Mr Hogg, who has worked the land for over four decades, says the petition is in direct response to changes he has seen in land management and rural policy.

SGA NEWS photo

“We now have nearly 20% forest cover, predominantly conifers. These habitats hugely benefit generalist predators whilst shrinking core habitats of some upland birds.
“Forest rangers used to manage foxes and crows as part of their work. This no longer happens. Similarly, almost every farmer in every village used to manage foxes and crows.

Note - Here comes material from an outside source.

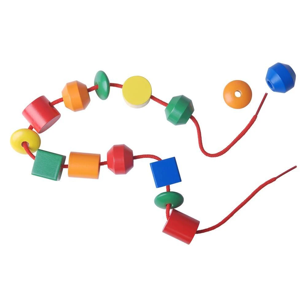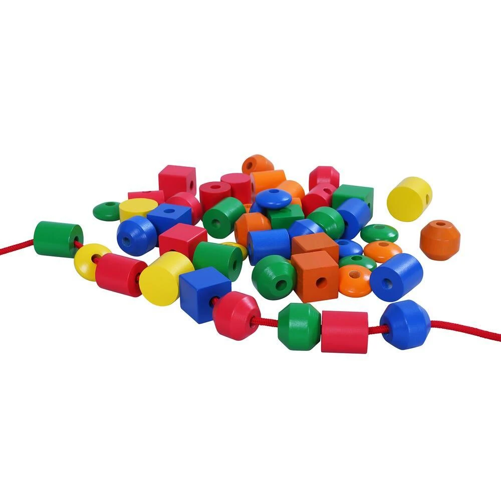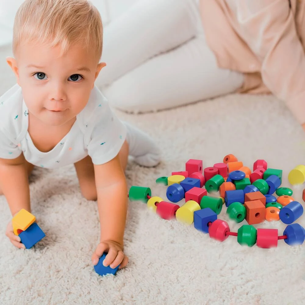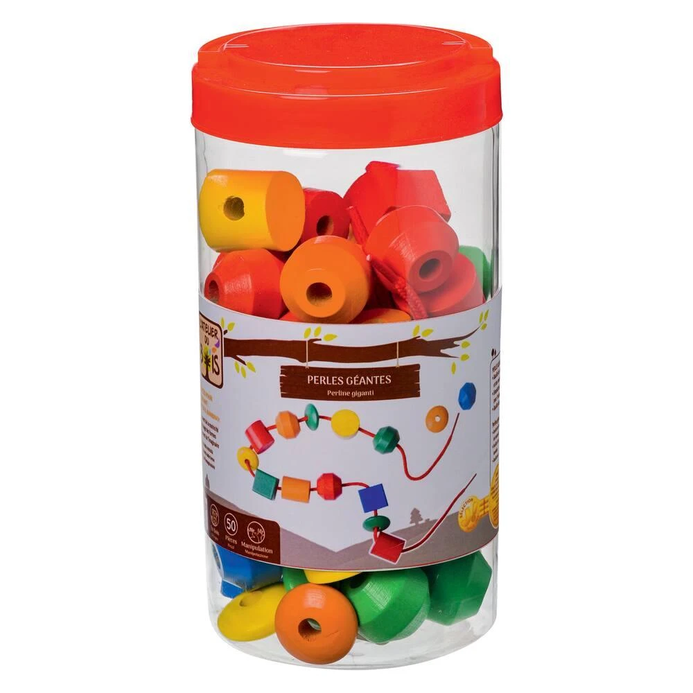 Perles géantes multicolores. 50 pièces de différentes formes. Dim. perles : 3-3.4 cm. Un lacet inclus. En bois. Livrées dans 1 baril, dimensions 12.60 x 12.60 x 23 cm. Développement de la motricité. Apprentissage des formes. Développement de l’imaginaire.

Nowadays, a great many will not have the required firearms certification but some still, thankfully, do, and play a huge part. 

Fox caught on camera raiding a Lapwing nest
Fox caught on night camera predating a Lapwing nest

“In a relatively short space of time, we have lost an army of skilled wildlife managers. I have seen this as a forester and gamekeeper and I find the silence in some areas deafening and sad.

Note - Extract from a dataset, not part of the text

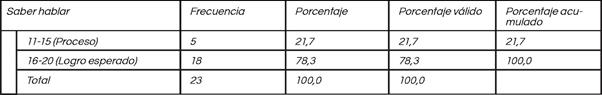 En la educación básica peruana, la calificación en el nivel primario es literal, pero requiere de intervalos numéricos para conocer la situación académica del escolar. Según la tabla 3, la mayoría de estudiantes representado por el 78.3% lograron desarrollar el saber hablar, que va más allá de articular o emitir sonidos, significa que los estudiantes se expresan con pertinencia considerando el contexto comunicativo y la situación de su interlocutor.

“The Parliament has a chance to prove that Scotland values its skilled land and wildlife managers and the important work they do.”

Mr Hogg also expressed concern that further restrictions on traps and snares in the Wildlife Management and Muirburn Bill could reduce predator control effort in Scotland further.

Snares, an important tool in fox control for land managers, are being considered for a ban whilst the Bill is recommending all trap users are trained, licensed and must have an ID on every trap.


Further Reading


Predator management can be controversial with the public but it is a conservation tool with proven success.

In a UK context, the best science correlating breeding success of ground nesting birds with predator control (the purpose of the Petition) comes from England.

In 2010, the Game and Wildlife Conservation Trust published the results of their 9 year scientific experiment at Otterburn (link and graphic below) which compared plots where predators were legally managed and plots where they were not, charting the impact on ground-nesting birds. (1)

On average, lapwing, curlew, red grouse, golden plover and meadow pipit bred three times more successfully where legal predator control (of abundant generalist predators: foxes, weasels and carrion crows) was carried out by gamekeepers.

The Otterburn experiment demonstrated almost three times the breeding success of waders when gamekeepers managed predators



Science published in Journal of Applied Ecology 2014, entitled Upland land use predicts population decline in a globally near threatened wader (Curlew)

had, amongst its key conclusions: 

- Curlew population changes over an 8- to 10-year period were positively related to gamekeeper density (a surrogate of predator control intensity) and inversely to the area of woodland surrounding sites, as a likely source of predators to adjacent open ground. Model predictions suggest that increasing woodland cover from 0% to 10% of the land area within 1 km of populated sites requires an increase in human predator control effort of about 48%.


It also concluded

- The removal of isolated woodland plantations from otherwise unafforested landscapes may help reduce predation pressure across a range of systems including moorland. However, direct predator control may also be important to conserve ground-nesting birds in these landscapes, for example, where moorland management and forestry coexist as major land uses. Predator control may also mitigate climate change effects by enhancing wader productivity, particularly where climate effects coincide with changing land use.